2025-12-07 21:02:20 +09:00
# Phase 33-16 Implementation Plan: Loop Header PHI SSOT
**Date**: 2025-12-07
**Status**: Detailed design & concrete implementation steps ready
**Scope**: 6 concrete code changes to establish loop header PHI as Single Source of Truth
---
## Executive Summary
Phase 33-16 transforms loop exit value handling from a "skip and hope" approach to a principled architecture where **loop header PHIs** track carrier values through iterations and serve as the single source of truth for exit values.

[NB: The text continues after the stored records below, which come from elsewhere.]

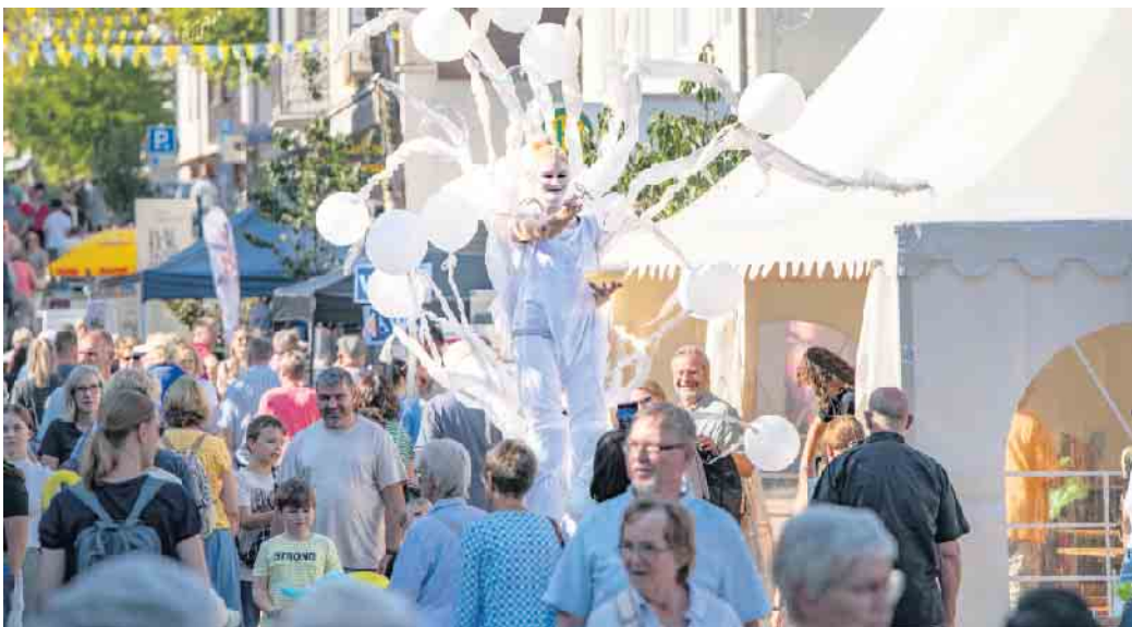
Ein buntes Glasstadtfest erwartet die Besucher am 20. und 21. September in Bad Driburg.

Stadtkapelle Bad Driburg ihre beliebtesten Hits und von 15:30 bis 18 Uhr sorgt das eingespielte DJ-Duo Marcus & Markus aus Höxter für gute Stimmung. Dabei reicht ihr Repertoire von stimmungsvollen Partyklassikern bis zu aktuellen Charts - die passende Unterhaltung für den gemütlichen Einkaufsbummel in den ab 13 Uhr geöffneten Werbering-Fachgeschäften. Von 14 bis 17 Uhr haben die Kinder die Möglichkeit, sich beim Kinderschminken wunderschöne Motive auf Gesicht oder Arme malen zu lassen und Familien können sich von 14 bis 18 Uhr auf gemütliche Planwagenfahrten durch die Oberstadt freuen. Abfahrt ist an der Ecke Lange Straße/ Schulstraße.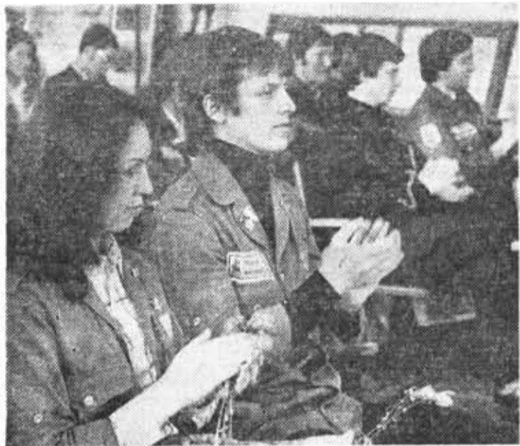
На торжественном заседании актива РССО «Гатчинский» в музее Великой Октябрьской социалистической революции.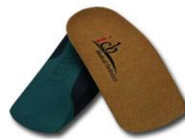
Ορθωτικά για μεγαλόσωμους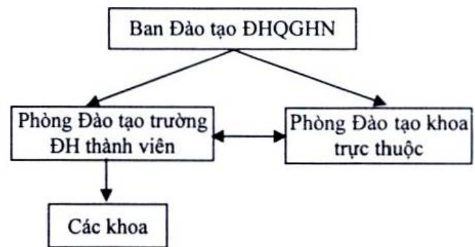
Sơ đồ 1. Mô hình quản lý và tổ chức KTĐG ở ĐHQGHN (giai đoạn 1).

Để triển khai quy định này có hiệu quả, công tác KTĐG trong ĐHQGHN cần có sự phối hợp thực hiện giữa các đơn vị sao cho vừa đảm bảo được chất lượng vừa đáp ứng được tính liên thông và sự linh hoạt của phương thức đào tạo theo tín chỉ. Phương thức tổ chức KTĐG thống nhất có sự phối hợp, liên thông trong ĐHQGHN được minh họa ở sơ đồ 1.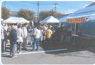
大沢ふれあいフェスタ

会場には、たくさんの方々の笑顔があふれていて、人と人とのふれあいの大切さを改めて感じた一日でした。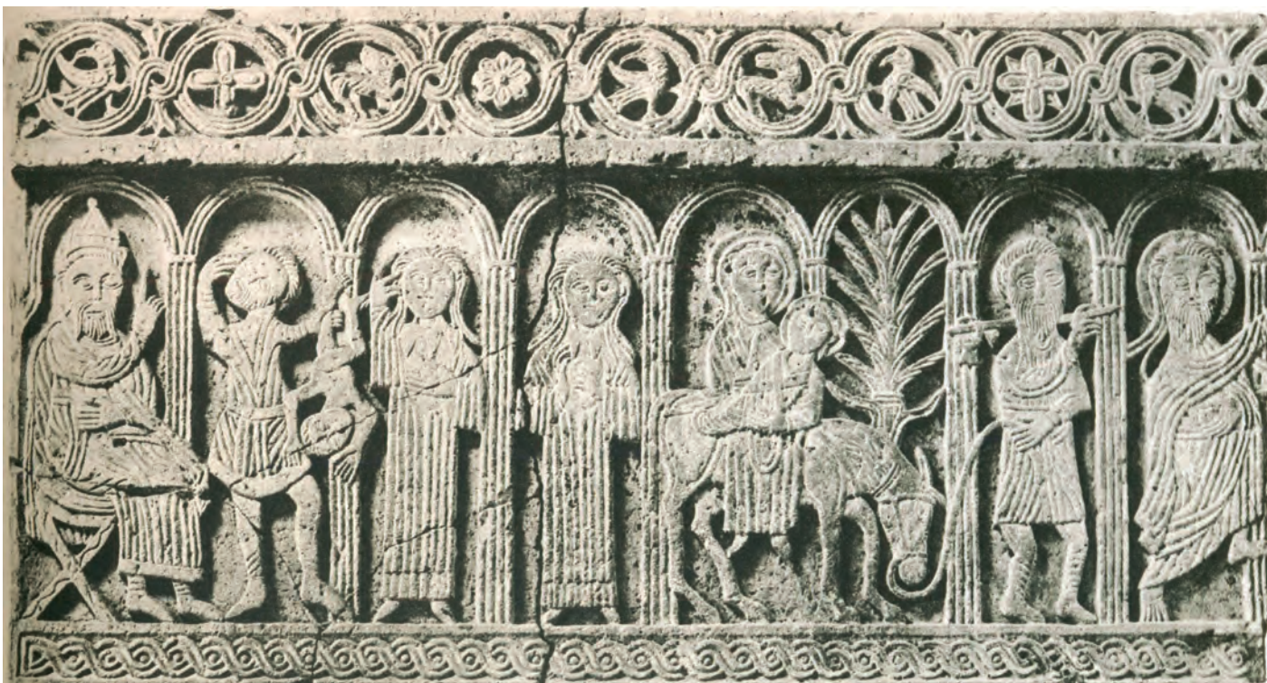
SL. 15. Zadar Sv. Nediljica, 11. st.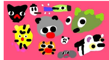
By Dante Zaballa and Osian Efnisien

誰も想像だにできなかった独創的な映像のなかで私たちをとりまいている自然世界を覗いてみよう。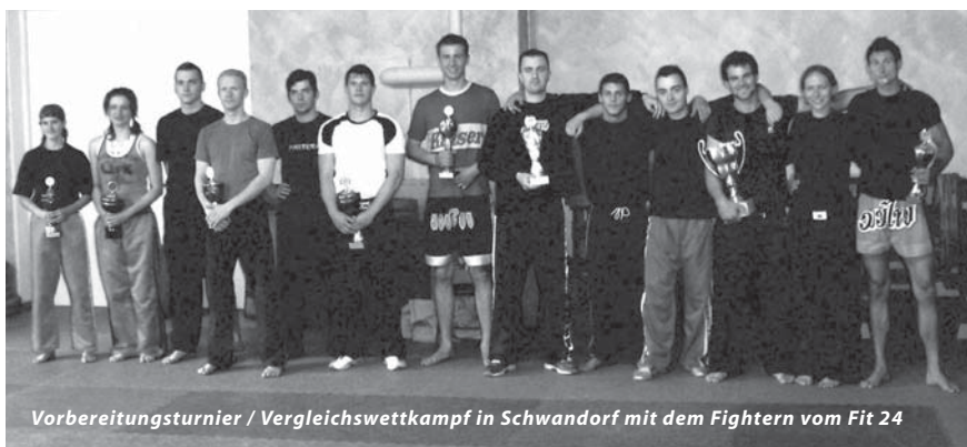
Vorbereitungsturnier / Vergleichswettkampf in Schwandorf mit dem Fightern vom Fit 24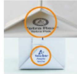
テトラパックのマーク表示の一例

テトラパックのマークのない紙容器が入っていた場合は、それらを除いた重量がベルマーク点数の対象となります。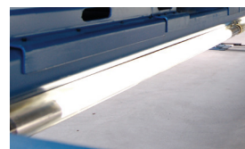
Sistema di illuminazione a LED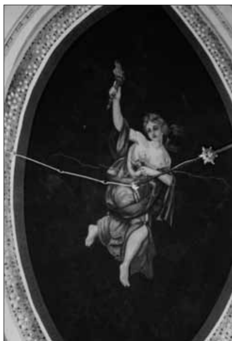
Casa De Pompeis - Decorazione

storiche, Torre dei Passeri, nel 1652, diveniva possesso dei Marchesi Mazara di Sulmona, col favore di quei viceré spagnoli che agevolavano la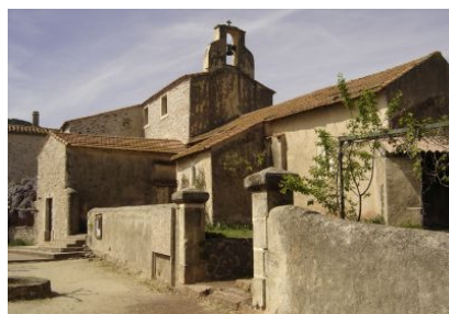
Les bâtiments restaurés du hameau de Celles (avril 2006).

**Key Architecture Change**:
```
Before (Phase 33-15):
LoopVariable → BoundaryInjector Copy → (undefined in latch) → SSA-undef
Carrier → ExitLine reconnector → (no proper header PHI) → wrong value
After (Phase 33-16):
LoopVariable → BoundaryInjector Copy → Loop Header PHI → Latch Copy → Loop Header PHI → Exit value
Carrier → (tracked by same PHI) → ExitLine reconnector → correct value
```
---
## Problem Analysis (Consolidated from Phase 33-15)
### Current State
From `instruction_rewriter.rs` lines 354-431, we currently:
- **Skip exit_phi_inputs** (line 395): "Parameter values undefined"
- **Skip carrier_inputs** (line 429): "Parameter references undefined"
**Root Cause**: Loop parameters (i_param, i_exit) reference function parameters passed via Jump args, not SSA definitions in inlined MIR.
### Why Loop Header PHI Solves This
When we inline JoinIR into MIR, the loop structure becomes:
```text
entry_block:
i_phi_dst = PHI [(entry_block, i_init), (latch_block, i_next)]
// Loop condition using i_phi_dst (not i_param)
latch_block:
i_next = i + 1
JUMP entry_block
exit_block:
return i_phi_dst // Uses PHI dst, not parameter!
```
The **PHI dst is SSA-defined** at the header, so it can be referenced in exit values.
---
## 6 Concrete Implementation Steps
### Step 1: Integrate LoopHeaderPhiBuilder into merge pipeline
**Location**: `src/mir/builder/control_flow/joinir/merge/mod.rs` (lines 62-184)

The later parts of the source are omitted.